Waipoua totara
- Conservation status: Data Deficit (NZ TCS)

Scientific classification
- Kingdom: Animalia
- Phylum: Arthropoda
- Subphylum: Chelicerata
- Class: Arachnida
- Order: Araneae
- Infraorder: Araneomorphae
- Family: Orsolobidae
- Genus: Waipoua
- Species: W. totara
- Binomial name: Waipoua totara (Forster, 1956)
- Synonyms: Pounamua totara

= Waipoua totara =

- Authority: (Forster, 1956)
- Conservation status: DD
- Synonyms: Pounamua totara

Species of spider

Waipoua totara is a species of Orsolobidae that is endemic to New Zealand.

==Taxonomy==
This species was described as Pounamua totara in 1956 by Ray Forster from a male specimen collected in Rangitikei. In 1985, it was moved into Waipoua. The holotype is stored in Canterbury Museum.

==Description==
The male is recorded at 1.75mm in length.
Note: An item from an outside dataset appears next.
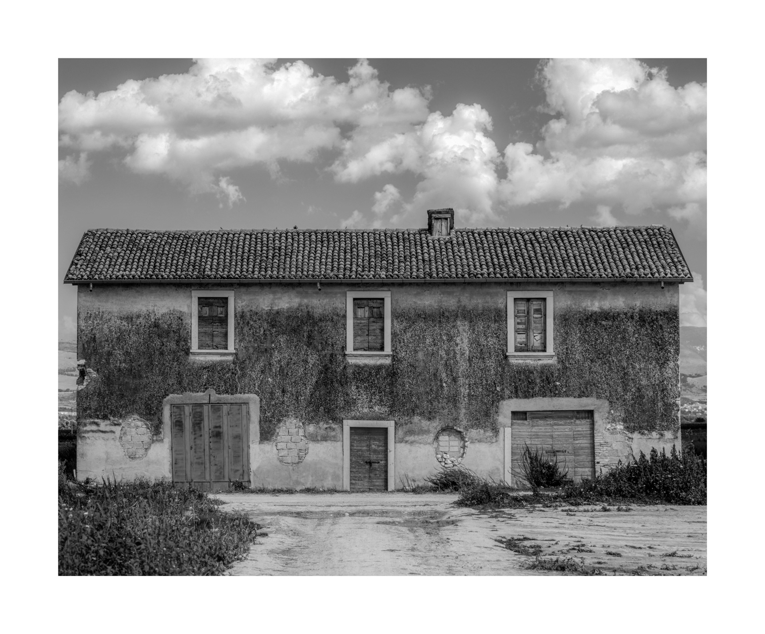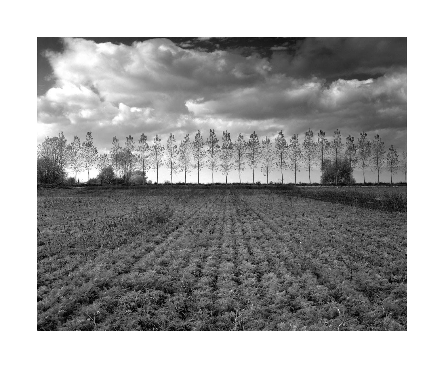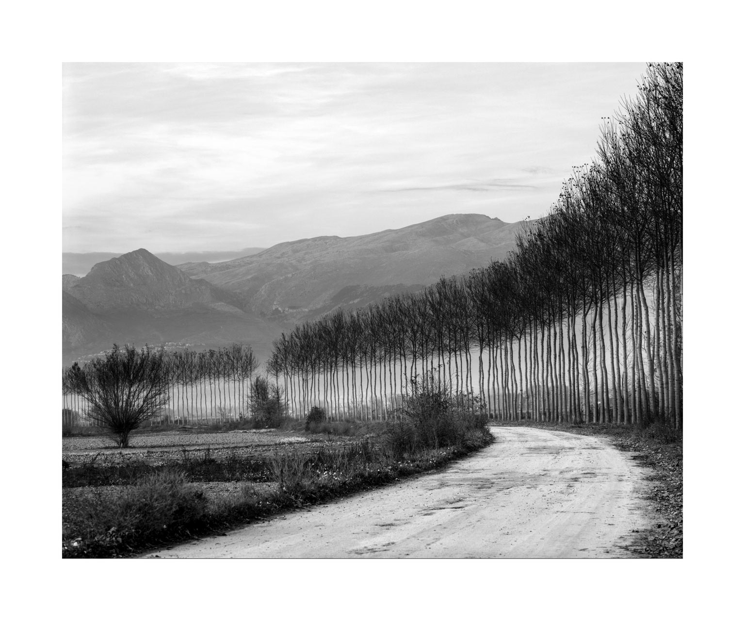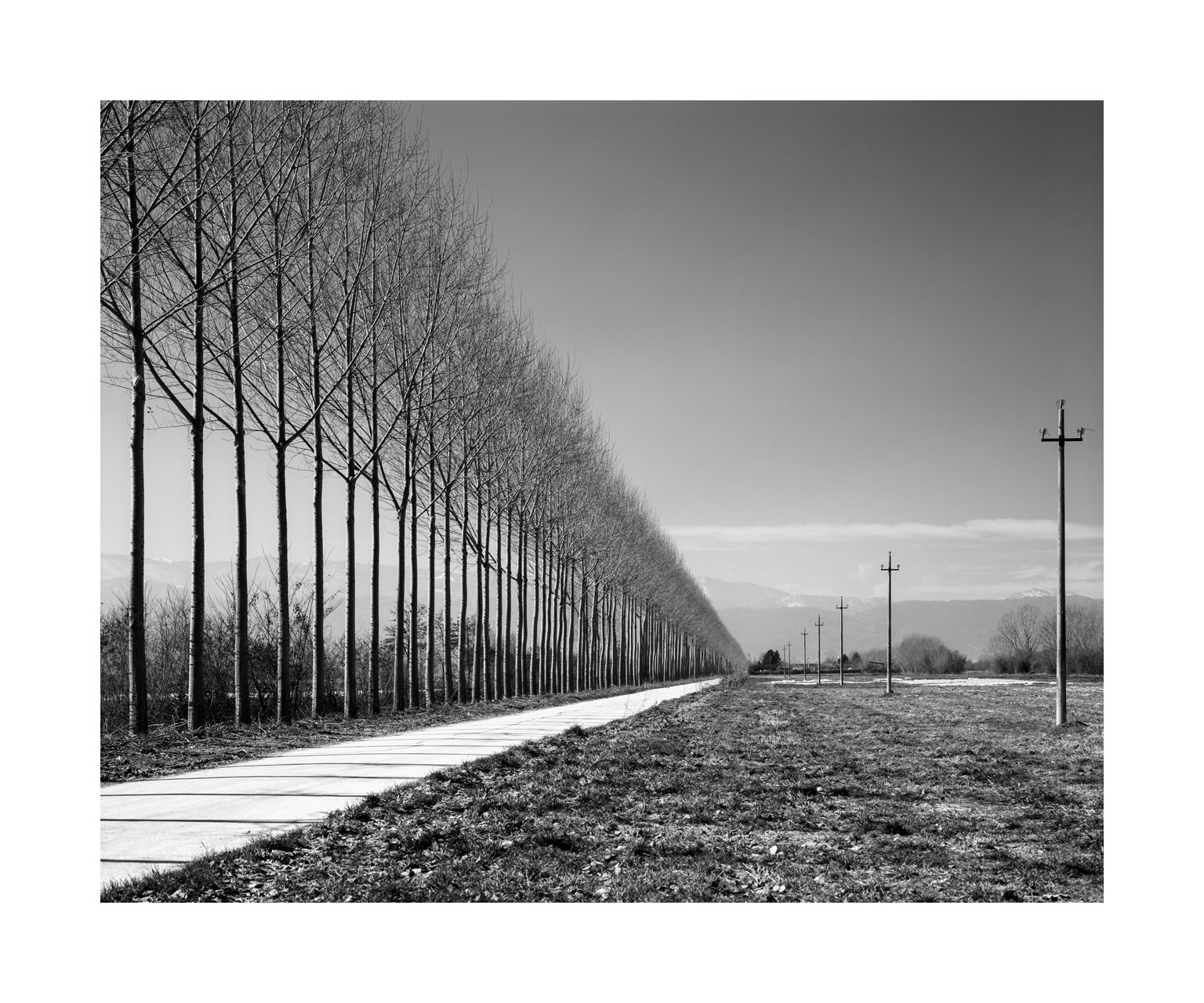 Fucino lake, the third lake in Italy by extension, was partially dried up in Roman times, through a colossal hydraulic work known as Emissary of Claudius or Claudio Cunicoli, whose well-preserved ruins are a tourist attraction. Then the emissary was obstructed and Fucino Lake reconquered his space. Nestled in the mountains, it gave a mild climate to the whole area of Marsica and was a magnificent landscape, so much so that it became a fixed stop for northern European travelers who between the 18th and 18th made the Grand Tour in Italy; there remains testimonies of so much beauty in the numerous paintings and stories made at the time, by these cultured travelers. In the mid-nineteenth century Prince Torlonia made a new emissary and in 1871 the last drop of water of the lake merged into the Liri river, forever changing the climate, the landscape and the way of life of the Marsicans. At the time the new arable land brought economic well-being, but seen with the eyes and sensitivity of today, the drying up was an authentic crime against nature. In the immense plain of Fucino I look for residues of the aesthetic dignity that the place had in the past, finding traces in the hypnotic geometries of the cultivated fields.

The carapace and abdomen are patterned dorsally.

==Distribution==
This species is only known from Pohangina Valley in Rangitikei, New Zealand.

==Conservation status==
Under the New Zealand Threat Classification System, this species is listed as "Data Deficient" with the qualifiers of "Data Poor: Size", "Data Poor: Trend" and "One Location".